In order to evaluate whether lincRNAs constitute indepependent transcriptional units from surrounding genes we tested whether transcription of lincRNAs was dependent on the surrounding genes. We observed that the Pearson’s correlation in expression of gene-lincRNA pairs is higher when gene-lincRNA pairs are at a closer distance (see Additional file 1: Figure S3A). We performed this test in T. castaneum where expression data for different tissues was available.

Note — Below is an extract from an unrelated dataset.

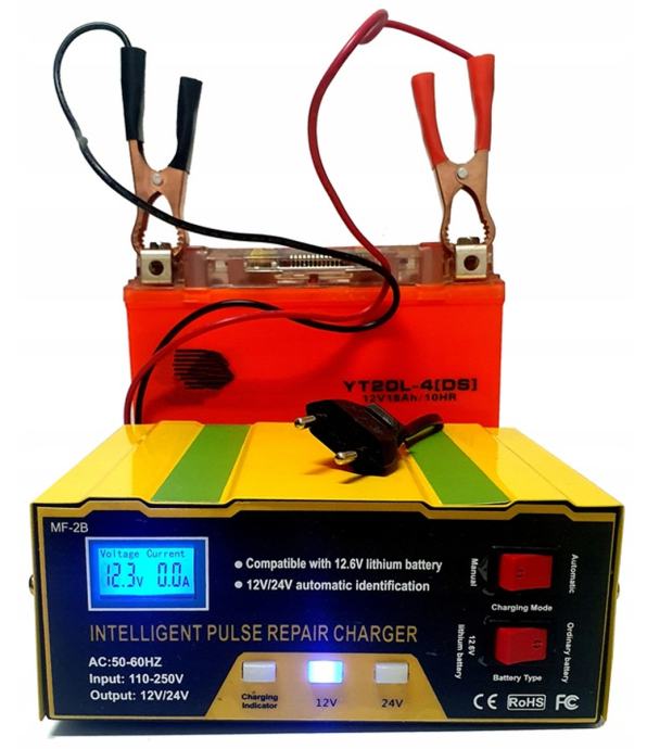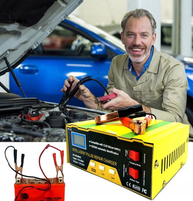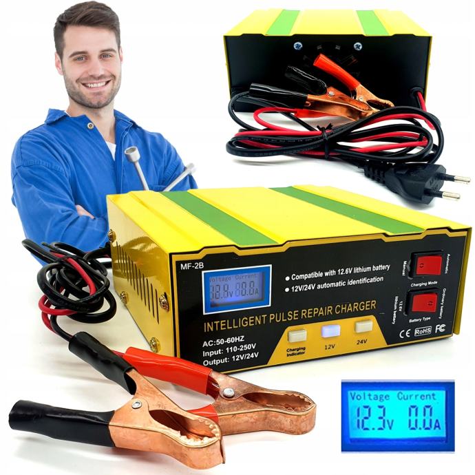 Profesionalna naprava za polnjenje akumulatorjev v avtomobilih, motorjih, kosilnicah in motornih čolnih. Je univerzalen, sodoben polnilnik 12/24V , ki omogoča polnjenje različnih vrst baterij: tradicionalnih, litijevih, kalcijevih, samopostrežnih in brez vzdrževanja. Je izredno enostaven za uporabo, tako da lahko vsak sam enostavno napolni napravo za napajanje vozila. Ima nadzorno ploščo in L E D zaslon, ki jasno prikazuje parametre.

Genes with similar expression patterns tend to cluster in the genome [50]. To test if certain regions of the genome might be enriched in lincRNAs we looked at the chromosomal distribution of lincRNA in the genomes of A.mellifera, T.castaneum, A.gambiae and D. melanogaster. The purpose of this analysis was to detect regions in the genome with a higher density of lincRNAs. The genomes of the above mentioned species are resolved at the chromosome level, i.e, many of scaffolds are grouped into a reasonable number of linkage groups. Thus, distribution of lincRNAs can be more accurately analysed and visualized. Nevertheless a clear enrichment pattern could not be detected. lincRNAs are distributed throughout the chromosomes of the analysed species in a rather homogenous fashion; it does not appear that any chromosome or chromosomal region is significantly enriched or depleted in lincRNAs (Additional file 1: Figure S3B).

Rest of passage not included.